So I’m creating a master material for artists to create instances from and a question arises. When you use static switches to turn on or off things like specular, normal, emissive and all that jazz you basically end up creating multiple materials (one for each configuration of all the static switches) that get compiled at runtime. This kind of detracts from one of the points of having a master material (yes I know there are other reasons to have one but lets stick to just this one for now).
The alternative is to have a default texture plugged into each of those channels that basically gives them zero effect until the artist plugs in their own texture. Now you can have just one default texture (a 16x16 white block in my case), but because each of those is a parameter Unreal treats them as separate textures.
So my question is this: Is it better to have more materials or more (albeit small) textures in your scene?
I’ve done some profiling with stat memory and PIX on the xbox and the difference is not huge, but I’ve only got a few test meshes in my scene and before I take the time to try and build a whole scene to profile I wanted to get a few opinions and see if anyone can shed some light on the situation.
So switches are absolutely the way to roll. You’ll increase your shader cache memory because of the number of shaders you create (also, each individual usage flag i.e. bUsedwithStaticMeshes, bUsedWithSkeletal will increase the number as well), but you’ll save on your performance where those textures/instructions aren’t needed.
In our master materials, we use 2x2s or 4x4s for diffuse and normal (normal is separate so the artist will more quickly recognize if something is wrong), and specular/emissive will use the diffuse texture as well in the parameters. The cost here is pretty negligible on most platforms (although the Xbox treats textures a bit differently) and it allows us to quickly find when a material instance is reference a default texture that can have the switch for normal or spec removed.
If you have a 16x16 white texture in your normal map chain, you will still eat the instruction cost for absolutely no effect - this is so incredibly wasteful! I do a pass several times on our games where we look for materials that have the default textures set on the material instances and turn off those switches.

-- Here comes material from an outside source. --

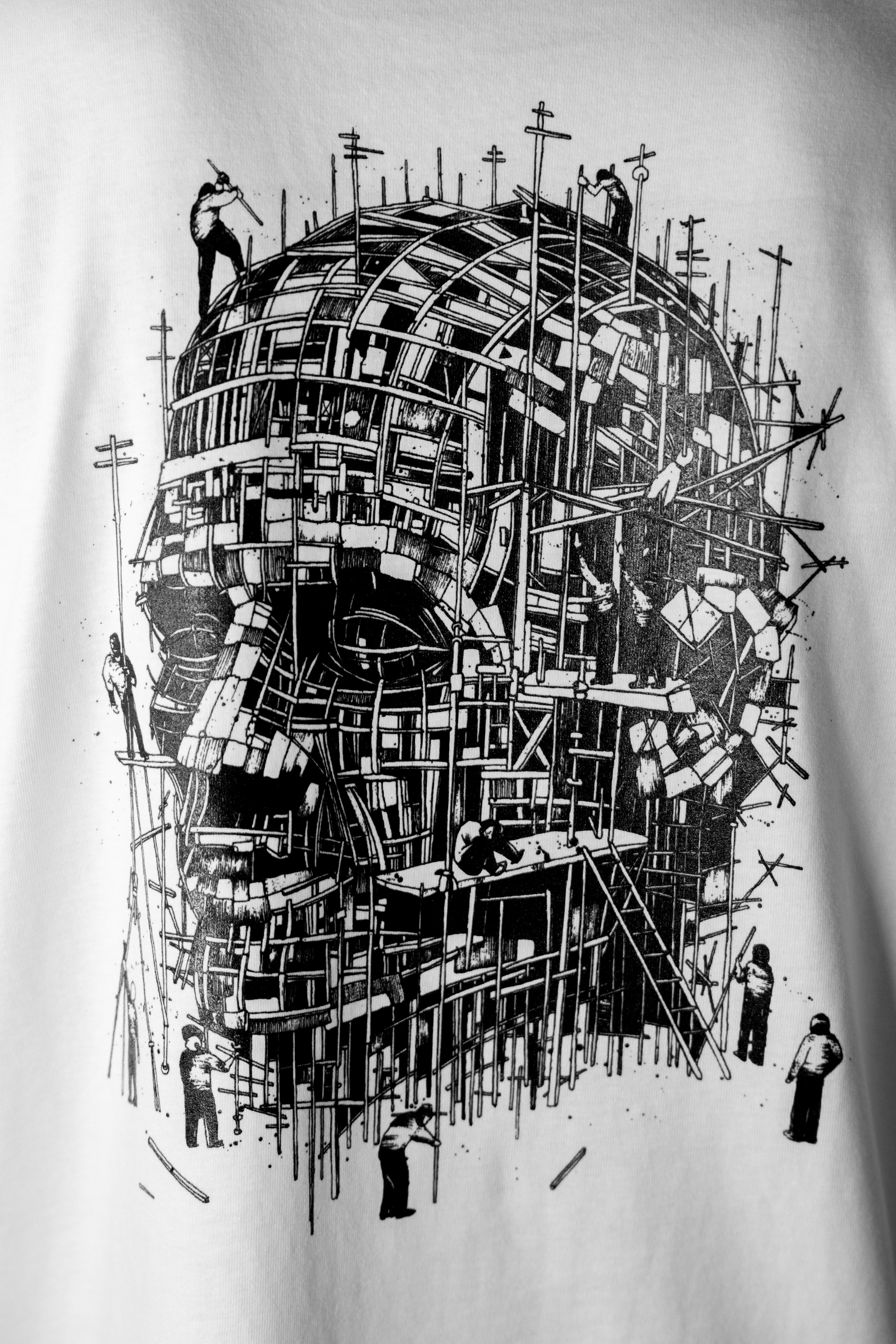 Dieser Kopf ist eine Baustelle, immer im Werden. Menschen bauen und bauen um, ohne je zu wissen, wann er fertig ist. Identität wird hier zusammengehämmert – fragil, massig und lebendig! -

That works for environment meshes/skeletal meshes. Effects materials are a bit of a different story. We have a few master shaders there, but the unique number of additions for materials means the majority of our shader/material memory comes from our FX materials. This will end up being determined by the type of game you’re working on. Borderlands was high in effects materials but that was necessary because of all of our guns/enemies. There were just a few master shaders for our props - opaque, masked, a couple of special case ones created to save texture memory (i.e. hiding the specular in the blue channel of the normal map and deriving the spec if necessary), and a few others.

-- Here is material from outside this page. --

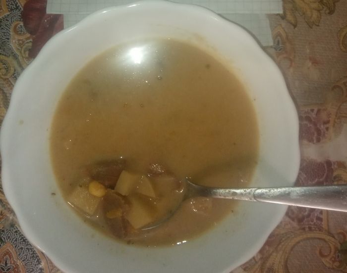 Отправляем все обратно в основную кастрюлю, хорошо перемешиваем, выключаем, и даем ему постоять под крышкой часа два. Лучше - дольше, но 2 часа вполне достаточно, что бы суп, как говорят, "настоялся".

If you are CPU/Draw Call bound, having fewer shader permutations will help you (Multiply-Out).
If you are Fill Rate bound, having smaller shaders will help you (Switches).

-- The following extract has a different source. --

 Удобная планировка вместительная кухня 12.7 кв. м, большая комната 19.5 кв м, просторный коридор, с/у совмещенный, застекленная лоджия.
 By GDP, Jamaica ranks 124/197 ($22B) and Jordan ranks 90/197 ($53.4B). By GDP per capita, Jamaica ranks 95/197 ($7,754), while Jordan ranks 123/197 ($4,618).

Most games are one or the other. It depends on your game. If you have expensive shaders that fill most of the screen, Switches would probably be better. If you have a big variety of objects and materials and practically each one would need its own permutation, Multiply-Out may be better.
It also depends on target hardware, and engine.
The only way to know the answer to performance questions is to profile it on some more representative content. However if I had to make a blind suggestion it’d be to follow Strobel’s advice. Also as he says, effects are often a different story.